反向迭代、for 或 while 循环哪个更快？答案

【问题标题】：Which is faster for reverse iteration, for or while loops?反向迭代、for 或 while 循环哪个更快？
【发布时间】：2016-06-03 06:18:33
【问题描述】：

我正在尝试在 Rust 中实现标准的 memmove 函数，我想知道哪种方法对于向下迭代更快（其中 src dest）：

for i in (0..n).rev() {
    //Do copying
}

或

let mut i = n;
while i != 0 {
    i -= 1;
    // Do copying
}

for 循环版本中的rev() 会显着减慢速度吗？

【问题讨论】：

我发现由于某种原因，这段代码的for 循环版本奇怪地失败了，出现了页面错误和一般保护错误（我对低级开发很陌生）。由于这个原因，现在我将使用while 循环版本。
如果 while 循环没有失败，则 for 循环没有失败的原因；问题可能出在其他地方。
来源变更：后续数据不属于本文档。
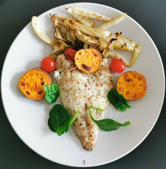 Goudbrasem op het vel gebakken met gegrilde venkel en geconfijte zoete aardappel
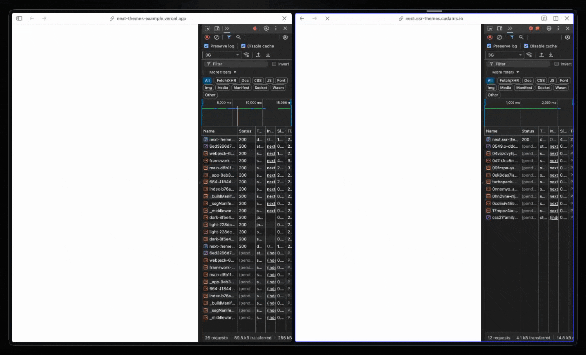 The server is usually unaware of the client theme. This skew between the server default and what is hydrated on the client often results in a flash of the wrong content.
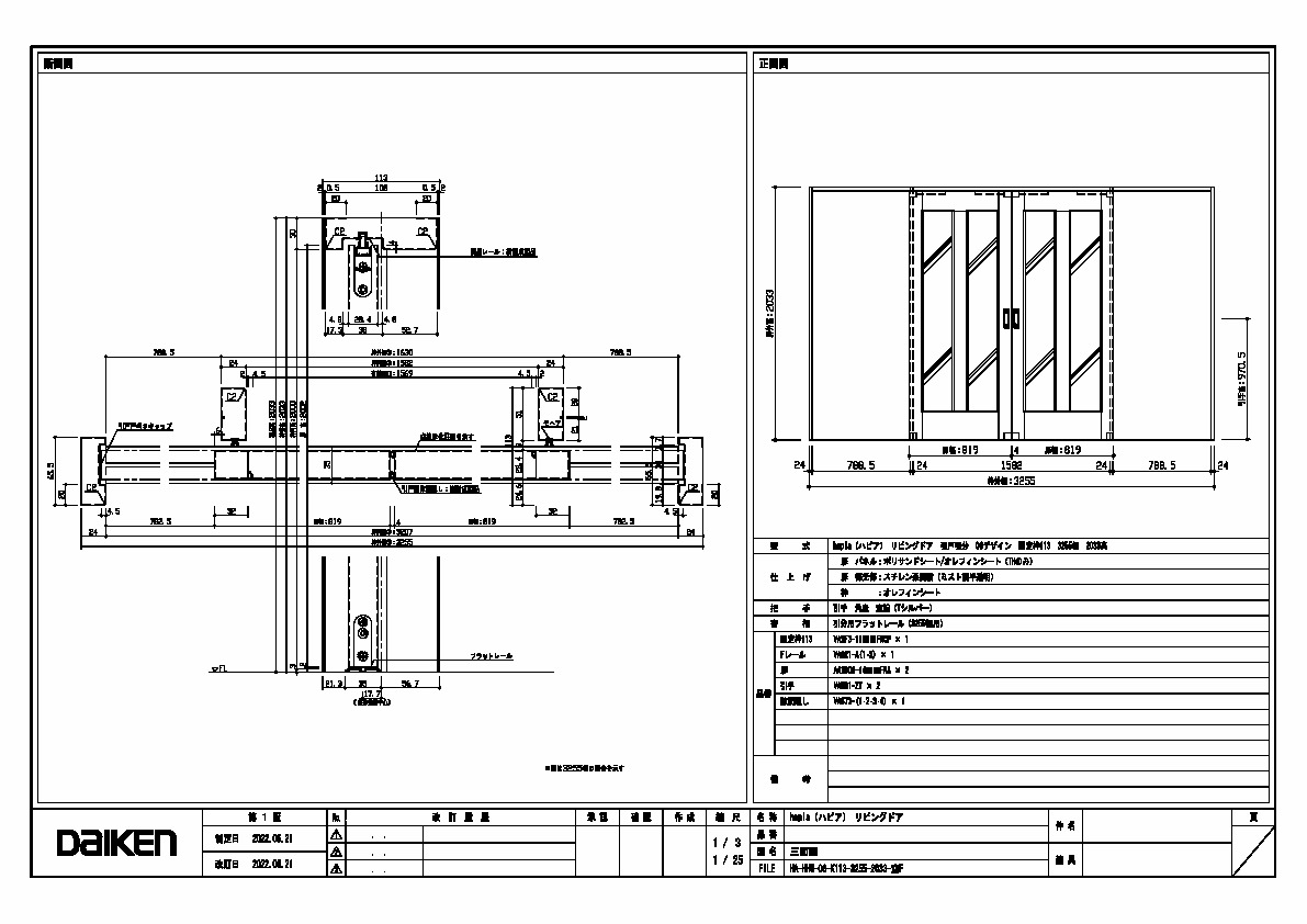 | キャプション | 3255幅 2033高 引手 角座 空錠 フラットレール(3255幅用) 三面図 |

标签： for-loop while-loop rust memmove

【解决方案1】：

TL;DR：使用for 循环。

两者都应该同样快。我们可以非常简单地检查编译器剥离 for 循环中涉及的抽象层的能力：

#[inline(never)]
fn blackhole() {}

#[inline(never)]
fn with_for(n: usize) {
    for i in (0..n).rev() { blackhole(); }
}

#[inline(never)]
fn with_while(n: usize) {
    let mut i = n;
    while i > 0 {
        blackhole();
        i -= 1;
    }
}

这会生成这个 LLVM IR：

; Function Attrs: noinline nounwind readnone uwtable
define internal void @_ZN8with_for20h645c385965fcce1fhaaE(i64) unnamed_addr #0 {
entry-block:
  ret void
}

; Function Attrs: noinline nounwind readnone uwtable
define internal void @_ZN10with_while20hc09c3331764a9434yaaE(i64) unnamed_addr #0 {
entry-block:
  ret void
}

即使您不精通 LLVM，很明显这两个函数都编译为相同的 IR（因此显然编译为相同的程序集）。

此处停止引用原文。